In one of the Cologne papers the other day there were two imaginary
letters--one signed "One Who Means Well," asking that there be a little
relief from war poems, war articles, and the like; and the other signed
"One Who Means Better," demanding if it were possible for any German to
waste time in artistic hair-splitting when the Germanic peoples, in
greater danger than in their entire history, stood with their back to
the wall, facing and holding back the world. A Berlin dramatic critic,
going through the motions of reviewing a new performance of "Hedda
Gabler" the other morning, finally dismissed the matter as "Women's
troubles--if anybody can be interested in that nowadays!" Yet a woman,
asking at the same time that the "finer and sweeter voices of peaceful
society" be not forgotten, concluded her letter with "East and west the
cannon thunder, but in men's souls sound many bells, and it is not
necessary that they should always and forever be drowned out."

I mention the theatre only as an easy illustration of that many-sided
vitality one feels at once on entering Germany, that development of all
a people's capabilities, material and spiritual, which is summed up, I
suppose, in that hapless word Kultur.

You may not like German learning or German art, and consider the one
pedantic and the other heavy and uninspired.
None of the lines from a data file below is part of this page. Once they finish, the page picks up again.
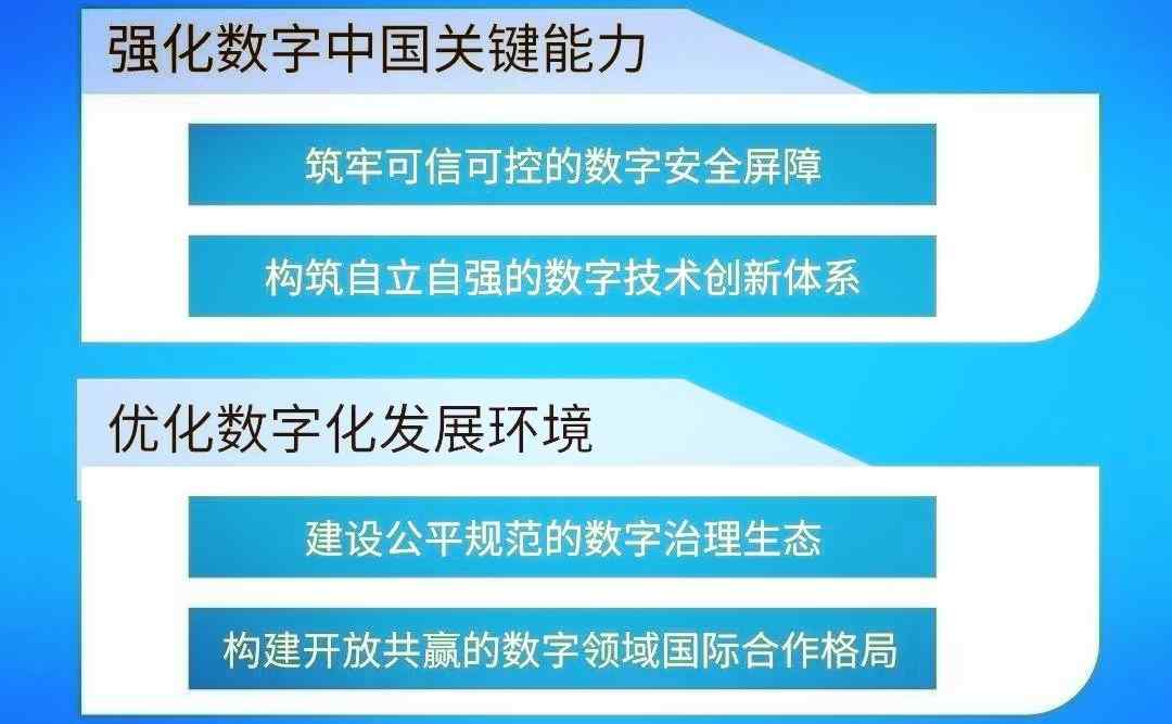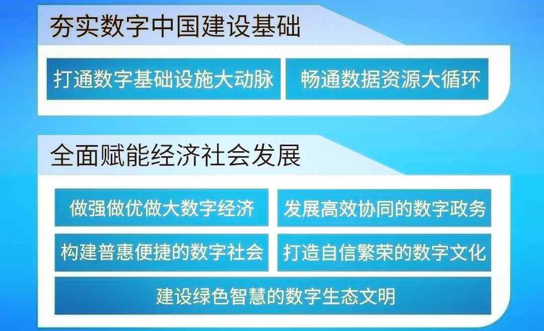 《數(shù)字中國建設(shè)整體布局規(guī)劃》從整體目標(biāo)、整體框架出發(fā),對數(shù)字中國的建設(shè)基礎(chǔ)、經(jīng)濟(jì)社會(huì)發(fā)展賦能、強(qiáng)化關(guān)鍵能力、優(yōu)化發(fā)展環(huán)境、組織保障等方面提出明確要求。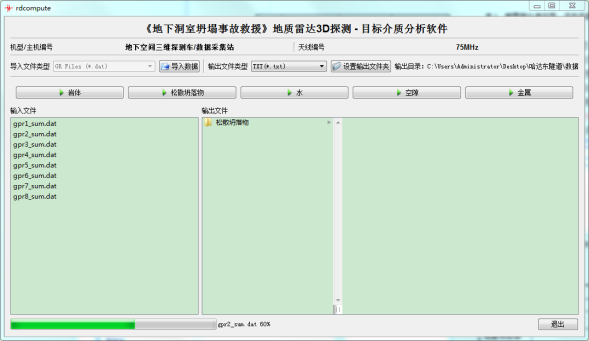 3、測控范圍:窗口2800ns,大于100次疊加。半球狀空間全覆蓋,水文地質有效解譯范圍:里程長度120m,周邊圍巖寬左右各50~70m,高上下各50~70m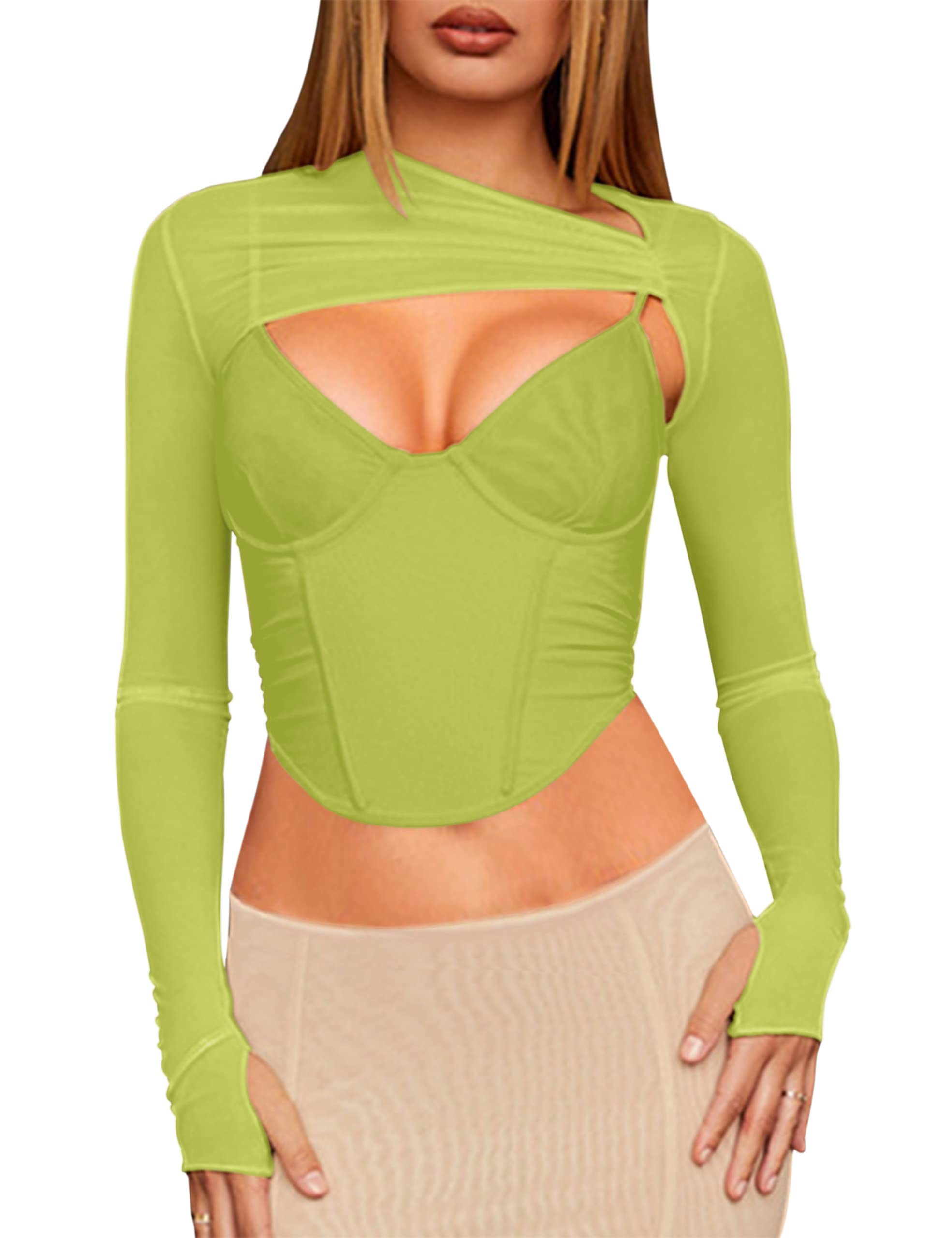 Meladyan Women Sexy Long Sleeve Mesh Crop Top Solid Cover Up Spaghetti Strap Slim Fit Corset Cami 2 pieces Clubwear

A Frenchman wrote very
feelingly the other day, in the Revue des Deux Mondes, about a return to
the old French culture, an escape from what he described as the German
habit of accumulating mere facts to something that, in addition to
feeding the brain, nourished the taste as well--carried with it, so to
speak, a certain spiritual fragrance.

You may be of this persuasion. The thing one cannot escape, however, in
Germany, whether one likes its manifestations or not, is the vitality,
the moral and intellectual force, everywhere apparent, whether it be
applied to smashing forts or staging a play. When a people can hold
back England and France with one hand and the Russian avalanche with the
other, and, cut off from oversea trade and living on rations almost,
yet, to take but one of the first examples, maintain the art of the
theatre at a level which makes that of New York or London in the most
spacious time of peace seem crude and infantile, one is confronted with
a fact which a reporter in his travels must record--a force which, as
the saying goes, "must be reckoned with."